前記遺伝子が、ｍｔｌＤ、ｍｔｌＹおよびｍｔｌＺ、またはそれらの組合せから成る群より選択される、請求項４に記載の細胞。
ａ）組換えポリペプチドを発現することができるシュードモナス・フルオレセンス宿主細胞を提供すること；
ｂ）ｉ）配列番号９または配列番号１２；および
ii）配列番号９または配列番号１２に示すヌクレオチド配列と少なくとも９５％の配列同一性を有するヌクレオチド配列
から成る群より選択される核酸配列を含むマンニトール誘導性プロモーターに作動可能に連結された組換えポリペプチドをコードする少なくとも１個の核酸構築物で前記宿主細胞を形質転換すること；
ｃ）前記宿主細胞を増殖培地で増殖させること；
ｄ）前記マンニトール誘導性プロモーターから対象ペプチドの発現を誘導することができる量で炭素源を増殖培地に添加すること；および
ｅ）前記マンニトール誘導性プロモーターを誘導することによって対象組換えポリペプチドを発現すること；および
ｆ）発現された組換えポリペプチドを単離すること
を含み、前記宿主細胞が、前記マンニトール誘導性プロモーターを誘導することができるマンニトールの代謝または分解を阻害するように遺伝的に変化している、シュードモナス・フルオレセンス宿主細胞において組換えポリペプチドを発現するための方法。

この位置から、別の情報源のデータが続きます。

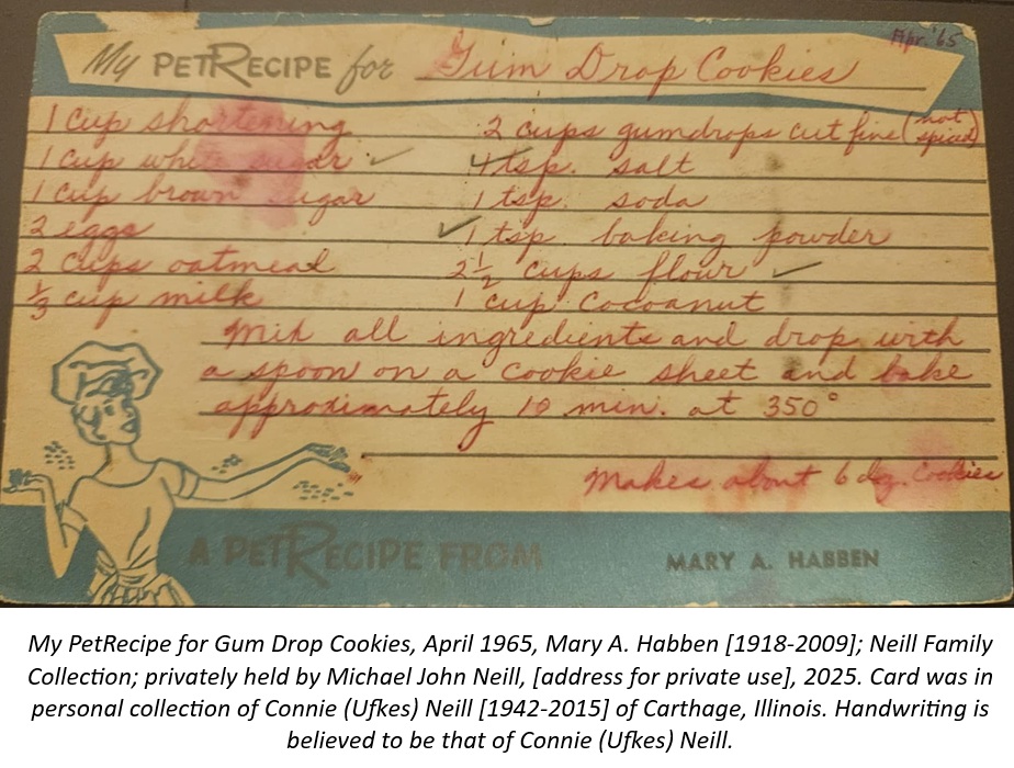 My PetRecipe for Gum Drop Cookie, April 1965, Mary A. Habben [1918-2009]; Neill Family Collection; privately held by Michael John Neill, [address for private use], 2025. Card was in personal collection of Connie (Ufkes) Neill [1942-2015] of Carthage, Illinois. Handwriting is believed to be that of Connie (Ufkes) Neill.

前記プロモーターが、ｍｔｌアクチベータータンパク質結合領域として働く核酸配列をさらに含む、請求項６に記載の方法。
前記遺伝的変化が、マンニトールまたはその誘導体もしくは類似体の代謝において必要な遺伝子の突然変異または欠失である、請求項６に記載の方法。
前記遺伝子がｍｔｌオペロンから選択される、請求項７に記載の方法。
前記遺伝子が、ｍｔｌＤ、ｍｔｌＹおよびｍｔｌＺ、またはそれらの組合せから成る群より選択される、請求項９に記載の方法。
前記シュードモナス・フルオレセンス宿主細胞が、マンニトールの代謝または分解を阻害するように遺伝的に変化している、請求項６に記載の方法。